So I don’t like “AI”, for various reasons. One being that the AI companies seem intent on destroying the internet by ingesting the things people have made and spitting out slop everywhere.(sidenote: For the latest example: https://pod.geraspora.de/posts/173421631 ) Garbage in, garbage out. Well I don’t want them to do that to my stuff too, so I want to make sure that if they want to soullessly gobble up what I’ve written, they will at least have to do some manual effort. By poisoning my site with garbage data it will become less valuable to these scrapers. Hopefully it will not detract for human visitors.
I planned on generating that garbage data with a model like GPT-2 because I had read somewhere on the internet that it was good at generating plausible-sounding sentences that turn out to be complete garbage if you actually read them. I tried for a while to get my hands on a copy, but it was surprisingly hard, at least for the effort I wanted to put into it and my unwillingness to pull down random codebases from the internet. For a bit too long I searched for something that I could use, until I thought that maybe other people wanted to do something similar. Then I found this post: https://www.brainonfire.net/blog/2024/09/19/poisoning-ai-scrapers/
Turns out there are much simpler algorithms that generate plausible-sounding garbage text, for example a technique called Dissociated Press that strings together random sequence of words from an input text. Better yet, an implementation from 1989 already ships with Emacs! For those who want to try at home it’s called M-x dissociated-press
. (sidenote: Relevant XKCD2 ) It’s listed as an “amusement”, a fun command that wouldn’t find any real use. Until now that is.
I modified it a little bit so that it will spit out garbage from the blog post I’m currently writing. Look at the text after this post to see what it looks like. It doesn’t always generate good results, especially if the input text is short.
The way I’ve set it up it includes the “Articles from blogs I follow around the net” I have at the end of each blog post. I’m not sure if I want to turn other’s texts into garbage, but it’s such small amounts that it doesn’t feel that bad. It includes some more variation to the garbage as well which I think increases its quality. I think I might manually remove the artefacts that come from the algorithm ingesting formatting text, things like: “Footnotes:” or “via Fire with Fire December 23, 2024”.
So if you read some completely incomprehensible on this blog, it might just be me who can’t write, but it could also be some AI bait.
Implementation. 🔗︎
I had to modify the function a little bit so that it made sense to call from elisp.
(defun my/dissociated-press (iterations &optional arg) "Dissociate the text of the current buffer. Output goes in buffer named *Dissociation*, which is redisplayed each time text is added to it.ITERATIONS is how many iterations of text to produce.

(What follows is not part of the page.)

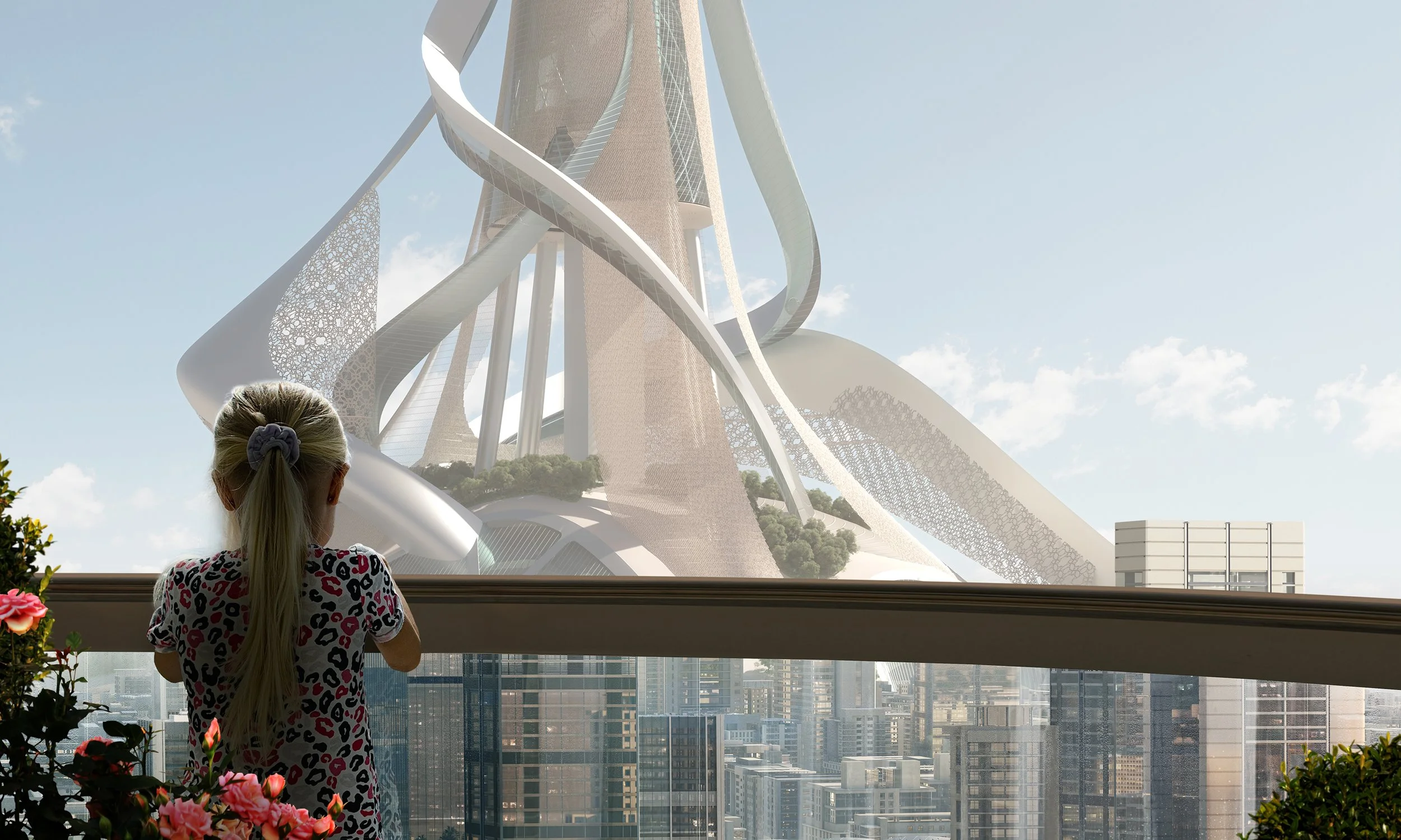 Lumenis is a visionary 2,000 metre tall vertical city designed as a landmark project aligned with Saudi Arabia’s Vision 2030. Housing over 20,000 permanent residents and welcoming up to 30 million visitors annually, the supertower blends sustainability, technology, and cultural heritage into a singular urban form.

If ARG is positive, require ARG chars of continuity. If ARG is negative, require -ARG words of continuity. Default is 2. ITERATIONS is how many iterations of text to produce." (interactive “P”) (setq arg (if arg (prefix-numeric-value arg) 2)) (let* ((inbuf (current-buffer)) (outbuf (get-buffer-create "Dissociation")) (move-function (if (> arg 0) ’forward-char ’forward-word)) (move-amount (if (> arg 0) arg (- arg))) (search-function (if (> arg 0) ’search-forward ’word-search-forward)) (last-query-point 0)) (if (= (point-max) (point-min)) (error “The buffer contains no text to start from”)) (with-current-buffer outbuf (let ((inhibit-read-only t)) (erase-buffer) (while (save-excursion (goto-char last-query-point) (vertical-motion (- (window-height) 4)) (or (= (point) (point-max)) (and (progn (goto-char (point-max)) (> iterations 0)) (progn (message "") (recenter 1) (setq last-query-point (point-max)) t)))) (setq iterations (1- iterations)) (let (start end) (with-current-buffer inbuf (setq start (point)) (if (eq move-function ’forward-char) (progn (setq end (+ start (+ move-amount (random 16)))) (if (> end (point-max)) (setq end (+ 1 move-amount (random 16)))) (goto-char end)) (funcall move-function (+ move-amount (random 16)))) (setq end (point))) (let ((opoint (point))) (insert-buffer-substring inbuf start end) (save-excursion (goto-char opoint) (end-of-line) (and (> (current-column) fill-column) (do-auto-fill))))) (with-current-buffer inbuf (if (eobp) (goto-char (point-min)) (let ((overlap (buffer-substring (prog1 (point) (funcall move-function (- move-amount))) (point)))) (goto-char (1+ (random (1- (point-max))))) (or (funcall search-function overlap nil t) (let ((opoint (point))) (goto-char 1) (funcall search-function overlap opoint t))))))) (buffer-substring-no-properties (point-min) (point-max))))))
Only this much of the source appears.